United States District Court, E.D. Texas

March 27, 2018




         Petitioner, Leroy Henry Jones, an inmate confined at FCC Beaumont Medium, proceeding pro se, filed this petition for writ of habeas corpus pursuant to 28 U.S.C. § 2241.

         The court referred this matter to the Honorable Keith Giblin, United States Magistrate Judge, at Beaumont, Texas, for consideration pursuant to applicable laws and orders of this court. The Magistrate Judge recommends the petition for writ of habeas corpus be denied.

         The court has received and considered the Report and Recommendation of United States Magistrate Judge filed pursuant to such referral, along with the record, and pleadings. Petitioner filed objections to the Magistrate Judge's Report and Recommendation. This requires a de novo review of the objections in relation to the pleadings and the applicable law. See Fed. R. Civ. P. 72(b).

         Petitioner objects to the findings of the Magistrate Judge that there was some evidence to support the DHO's findings and that the findings of the DHO were not arbitrary and capricious. In addition, petitioner argues the definition of BOP Prohibited Act Code 203 is vague.

         At the outset, it is important to note that petitioner concedes that all the Wolff factors were met during his disciplinary hearing. Wolff v. McDonnell, 418 U.S. 539 (1974). Furthermore, the underlying facts are not in dispute. During the relevant time period, petitioner became upset with Officer Gulickson, a Bureau of Prison (“BOP”) staff member at FCI El Reno as he allegedly took several pictures of petitioner's granddaughter during a cell search. Petitioner later spoke to his son on the telephone about Officer Gulickson. During this conversation, petitioner's son said that he wanted to know Officer Gulickson's first name because he (the son) “might end up on [Officer Gulickson's] front porch.” Petitioner told his son that he would provide him with Officer Gulickson's first name and that Officer Gulickson was the only staff member at FCI El Reno with that last name. A BOP staff member heard petitioner's phone call with his son through the use of the BOP's telephone monitoring system. Petitioner was subsequently found to have committed the prohibited act of threatening another with bodily harm (attempted/aid). Petitioner lost thirty (30) days of good conduct time as a result in addition to 45 days of disciplinary segregation and 90 days of loss of commissary, phone and visitation privileges. Report and Recommendation, pgs. 1-2 (docket entry no. 18).

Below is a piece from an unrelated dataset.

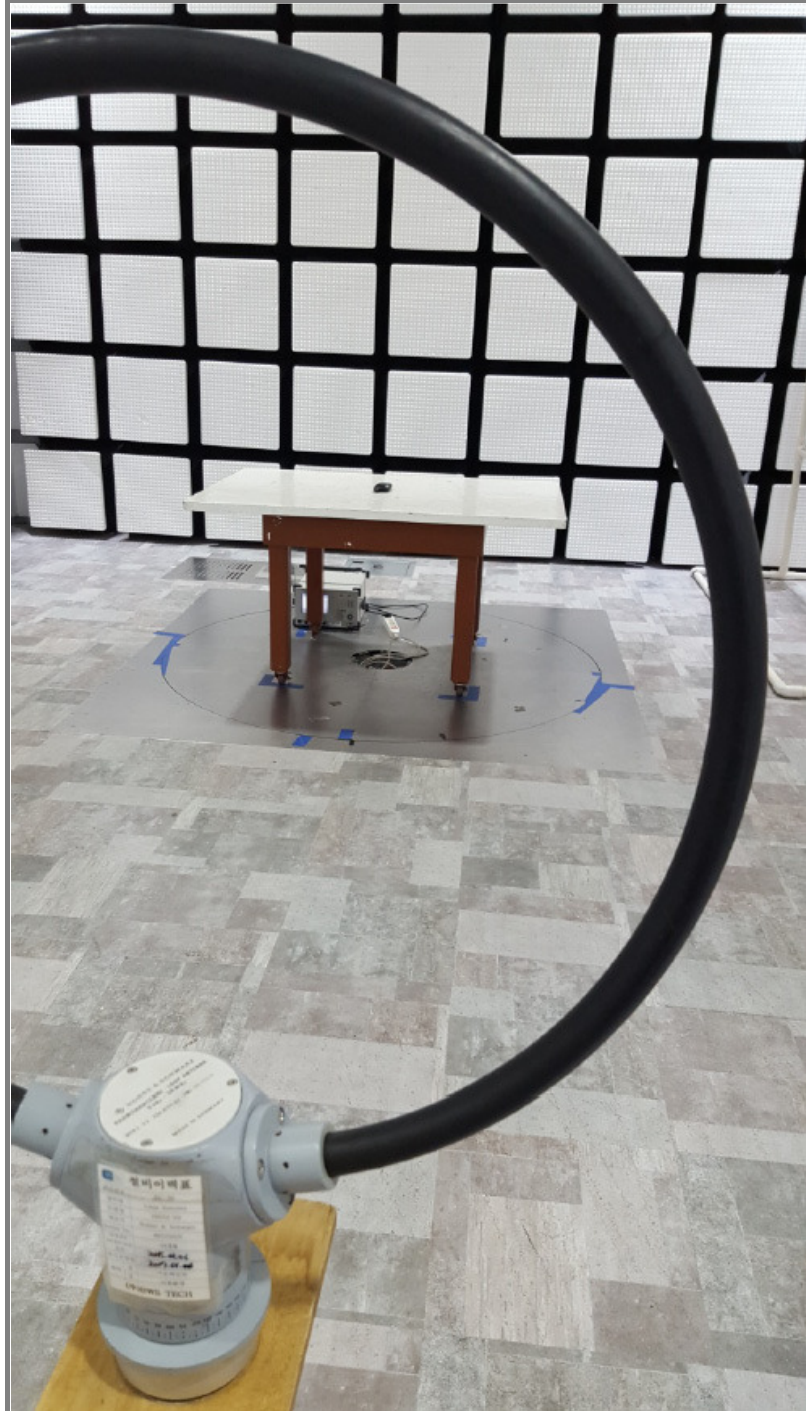
Photo of radiated spurious emission at below 30 MHz
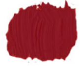
TRANSPARENT RED MED (T)

         Petitioner's words, as outlined above, can be reasonably interpreted as an attempt to aid or abet petitioner's son in threatening bodily harm on Officer Gulickson. As outlined by the DHO and the Magistrate Judge, these statements alone support the some evidence standard. Petitioner has simply not shown that the disciplinary findings were arbitrary or capricious. See Kuttab v. Jeter, 132 F. App'x 23 (5th Cir. 2005) (not designated); see also Stewart v. Thigpen, 730 F.2d 1002, 1005 (5th Cir. 1984); Martinez v. Young, 653 F. App'x 835, 836 (5th Cir. 2016) (not designated) (we need not undertake a de novo review of the DHO's findings of fact and must consider only whether there are at least “some basis in fact” or a “modicum of evidence” to support the disciplinary conviction”).

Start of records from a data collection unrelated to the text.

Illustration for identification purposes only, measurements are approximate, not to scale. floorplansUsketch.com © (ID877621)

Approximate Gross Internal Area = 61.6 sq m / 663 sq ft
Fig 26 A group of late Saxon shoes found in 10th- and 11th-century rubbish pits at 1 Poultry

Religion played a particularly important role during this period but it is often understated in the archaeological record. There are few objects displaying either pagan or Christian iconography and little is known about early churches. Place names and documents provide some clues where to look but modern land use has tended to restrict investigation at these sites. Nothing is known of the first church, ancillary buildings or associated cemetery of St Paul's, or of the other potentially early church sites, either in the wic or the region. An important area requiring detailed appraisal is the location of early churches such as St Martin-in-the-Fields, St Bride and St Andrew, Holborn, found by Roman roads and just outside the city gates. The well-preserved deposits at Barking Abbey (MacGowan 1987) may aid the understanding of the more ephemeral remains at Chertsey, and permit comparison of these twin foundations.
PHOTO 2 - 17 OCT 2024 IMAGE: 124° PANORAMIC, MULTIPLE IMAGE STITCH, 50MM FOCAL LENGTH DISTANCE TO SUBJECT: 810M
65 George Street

         Petitioner's argument that the definition of Prohibited Act Code 203 is unconstitutionally vague similarly lacks merit. “It is a basic principle of due process that a law is void for vagueness if its prohibitions are not clearly defined.” Grayned v. City of Rockford, 408 U.S. 104, 108 (1972). In the context of prison regulations, “[d]ue process undoubtedly requires certain minimal standards of specificity in prison regulations, but we reject the view that the degree of specificity required of such regulations is as strict in every instance as that required of ordinary criminal sanctions.” Meyers v. Aldredge, 492 F.2d 296, 310 (3rd Cir. 1974). Thus, “vagueness principles must be applied in light of the legitimate needs of prison administration.” Id. at 311. Because “legalistic wrangling” over the meaning or prison rules “may visibly undermine the [prison] administration's position of total authority, ” federal courts have deferred to the interpretation of those rules by prison authorities “unless fair notice was clearly lacking.” Hadden v. Howard, 713 F.2d 1003, 1008 (3rd Cir. 1983) (quoting Meyers, 492 F.2d at 311)).

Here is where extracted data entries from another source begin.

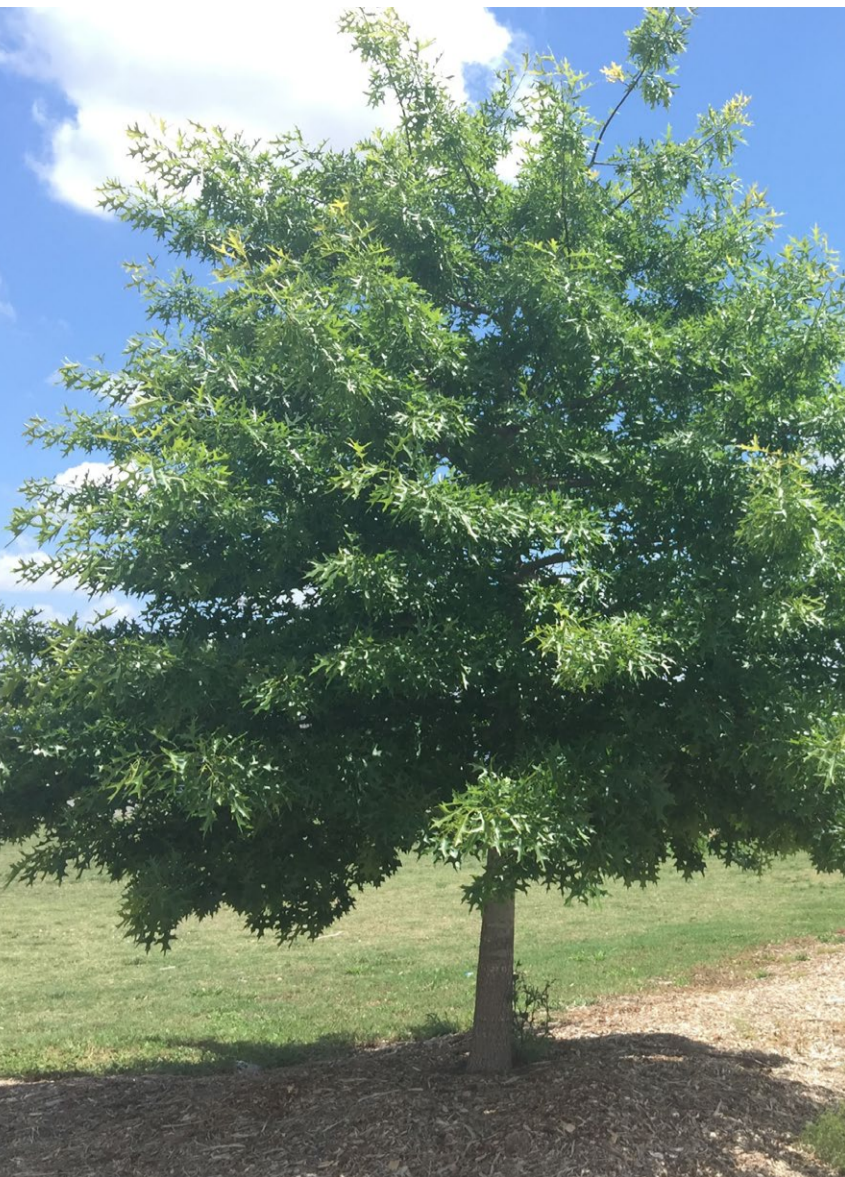
Quercus palustris Pin Oak
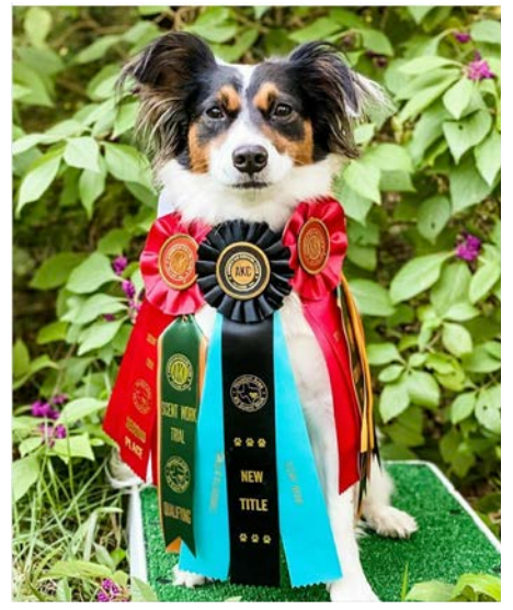
Panda continues to succeed in scent work! She had a wonderful time at the Houston trials where she earned a few new Qs, new placements, and a new SHDNE title! Congrats!!!!!

This scenario is familiar to a lot of dog owners, your dog whether it's a boy or a girl mount another dog during the walk in the park, humps their favorite stuffed toy, or even tries to hump your leg. My dog Riley still does that, and he's 9 years old, will fit say that humping or mounting is it typical sexual position for dogs. If a dog is not neutered or spayed and younger than one year old, this is exactly what the dog is seeking, some form of a complex. However when a dog is fixed and mature, this
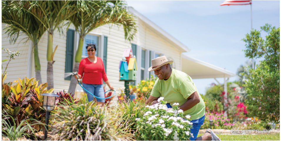
Park Place - Florida
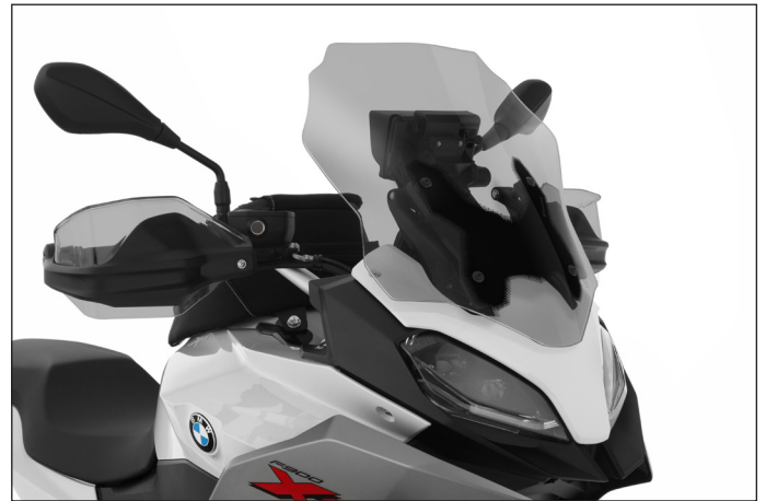
Relaxed driving: Effective wind and weather protection with distinctive, ergonomic long-distance comfort

Wunderlich offers its proven »MARATHON« windshield, always designed specifically for each model, for almost all current and many older BMW model series.

         Prohibited Act Code 203 specifically and clearly prohibits threatening another with bodily harm. This is considered a high severity level offense. See Exhibit A Government's Response, Title 28 C.F.R. § 541.39(b)(2) (2013). Section 541.39(b) also states that “aiding, attempting, abetting, or making plans to commit any of the prohibited acts is treated the same as committing the act itself.” Id. “In all categories of severity, aiding another person to commit any of these offenses, attempting to commit them, or making plans to commit them, is considered equivalent to committing the offense itself. In these cases, the letter “A” is combined with the offense code.” Id. at Section 541.39(b)(5); BOP Program Statement 5270.09. The prohibition is clear and petitioner's perverted interpretation that his son's statement, “I might end up on his front porch” could mean anything other than a potential threat of harm, in light of the context of their conversation, simply defies logic. The conduct plainly violates the unequivocal prohibition against threatening another with bodily harm and/or aiding and abetting an individual in threatening another with bodily harm.


         Accordingly, the objections of the plaintiff are OVERRULED. The findings of fact and conclusions of law of the Magistrate Judge are correct, and the report of the Magistrate Judge is ADOPTED. A Final Judgment will be ...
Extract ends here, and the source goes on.